The FCA is proposing rules to address harm to retail consumers from the sale of derivatives and exchange traded notes (“ETNs”) referencing certain types of cryptoassets.
The FCA considers these products ill-suited to retail consumers who cannot reliably assess the value and risks of derivatives or ETNs that reference certain cryptoassets (crypto derivatives). This is due to:
- The inherent nature of the underlying assets, which have no reliable basis for valuation;
- The prevalence of market abuse and financial crime in the secondary market for cryptoassets (e.g. cyber theft);
- The extreme volatility in cryptoasset price movements; and
- inadequate understanding by retail consumers of cryptoassets and the lack of a clear investment need for investment products referencing them.
The FCA believes that these features mean retail consumers might suffer harm from sudden and unexpected losses if they invest in these products.

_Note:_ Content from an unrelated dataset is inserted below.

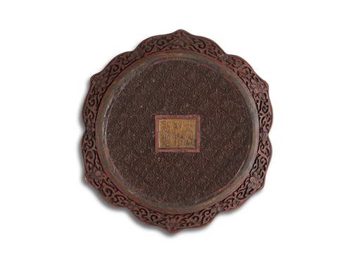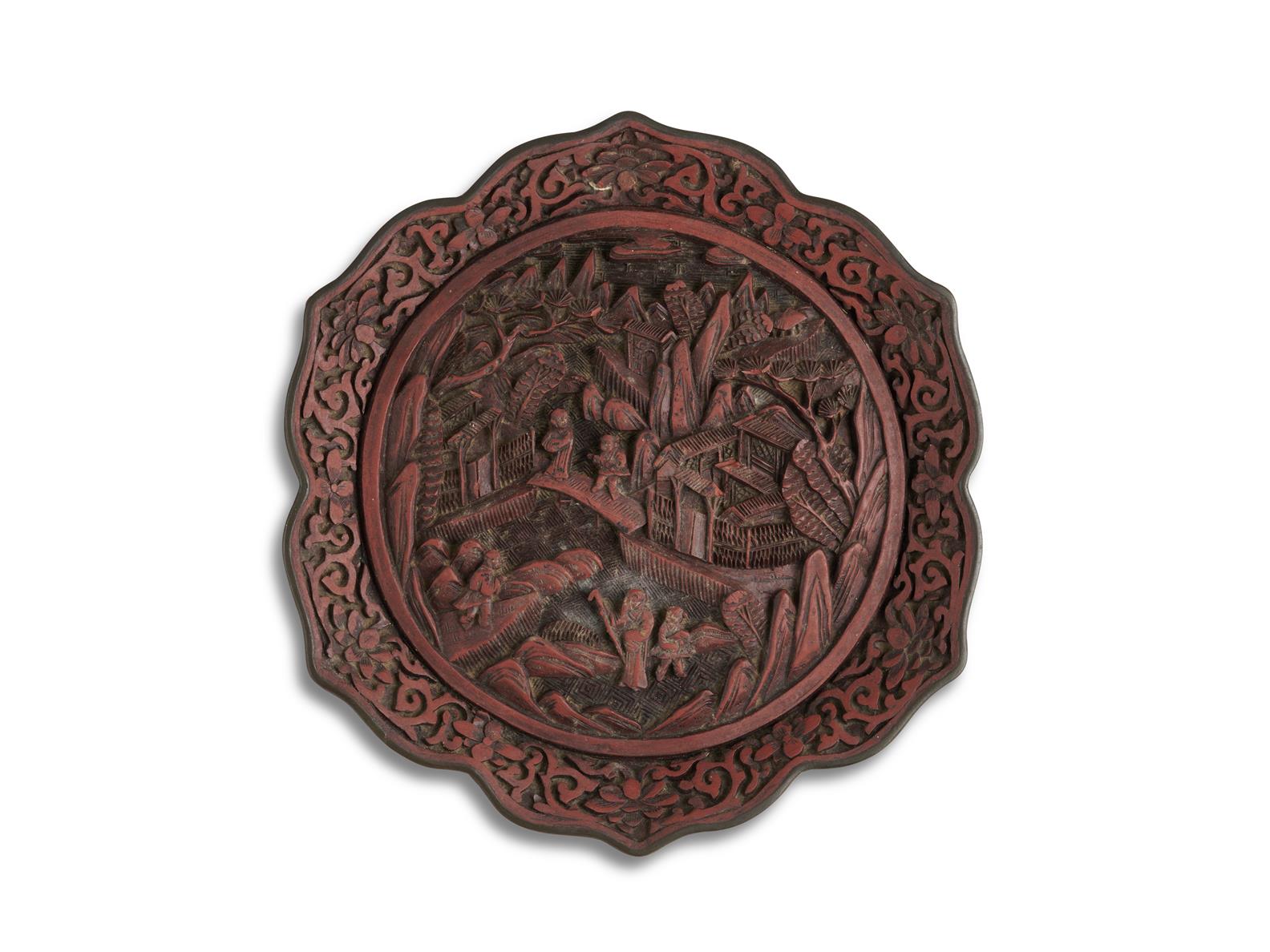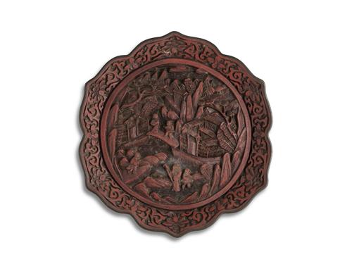 With a barbed foliate rim, deeply carved decoration to the centre of figures in a landscape, and an inset bronze plaque to the reverse with a Qianlong mark.

The FCA is consulting on banning the sale, marketing and distribution to all retail consumers of all derivatives (i.e. contract for difference – CFDs, options and futures) and ETNs that reference unregulated transferable cryptoassets by firms acting in, or from, the UK.
The FCA estimates the potential benefit to retail consumers from banning these products to be in a range from £75 million to £234.3 million a year.
This FCA consultation follows Policy Statement (PS19/18) published on 1 July 2019, which finalised rules restricting the sale of CFDs and CFD-like options to retail clients.
In January 2019, the FCA also consulted on Guidance on Cryptoassets (CP19/3) to clarify what types of cryptoassets fall within its current regulatory perimeter, which closed on 5 April 2019. The FCA expects to publish its Final Guidance on Cryptoassets later in the summer.